When evaluating straight forward or using
K.set_learning_phase(0)
I get, similar to the validation (Evaluating on x_train using batch_size=32):
Evaluation Accuracy: 0.266318537392, Loss: 1.50756853772
If I set the backend to learning phase the results get pretty good again, so the per batch normalization seems to work well. I suspect that the cumulated mean and variance are not properly being used.
So after
K.set_learning_phase(1)
I get (Evaluating on x_train using batch_size=32):
Evaluation Accuracy: 0.887728457507, Loss: 0.335956037511
I added the the batchnormalization layer after the first convolutional layer like this:
model = models.Sequential()
model.add(Conv2D(80, first_conv_size, strides=2, activation="relu", input_shape=input_shape, padding=padding_name))
model.add(BatchNormalization(axis=-1))
model.add(MaxPooling2D(first_max_pool_size, strides=4, padding=padding_name))
...
Further down the line I would also have some dropout layers, which I removed to investigate the Batchnormalization behavior. My intend would be to use the model in non-training phase for normal prediction.
Shouldn't it work like that, or am I missing some additional configuration?
Thanks!
I'm using keras 2.0.8 with tensorflow 1.1.0 (anaconda)

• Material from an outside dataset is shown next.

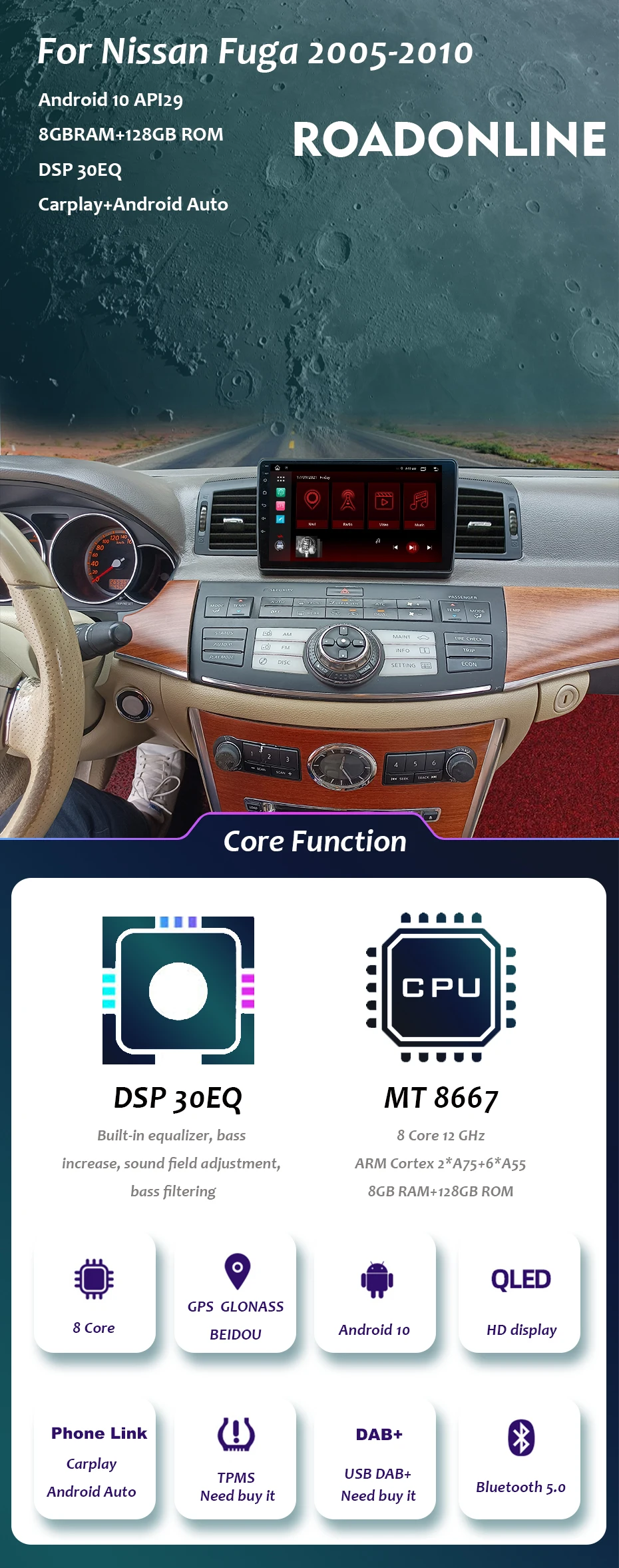 Автомобильные стереосистемы 8 + 256 ГБ для NISSAN FUGA 2005-2010 Android 10 AI Voice 8 Core Gps WiFi 4G радио Автомобильный мультимедийный плеер

This is really annoying. When you set the learning_phase to be True - a BatchNormalization layer is getting normalization statistics straight from data what might be a problem when you have a small batch_size. I came across similar issue some time ago - and here you have my solution:
When building a model - add an option if the model would predict in either learning or not-learning phase and in this used in learning phase use the following class instead of BatchNormalization:
class NonTrainableBatchNormalization(BatchNormalization):
"""
This class makes possible to freeze batch normalization while Keras
is in training phase.
"""
def call(self, inputs, training=None):
return super(
NonTrainableBatchNormalization, self).call(inputs, training=False)
Once you train your model - reset its weights to a NonTrainable copy:
learning_phase_model.set_weights(learned_model.get_weights())
Now you can fully enjoy using BatchNormalization in a learning_phase.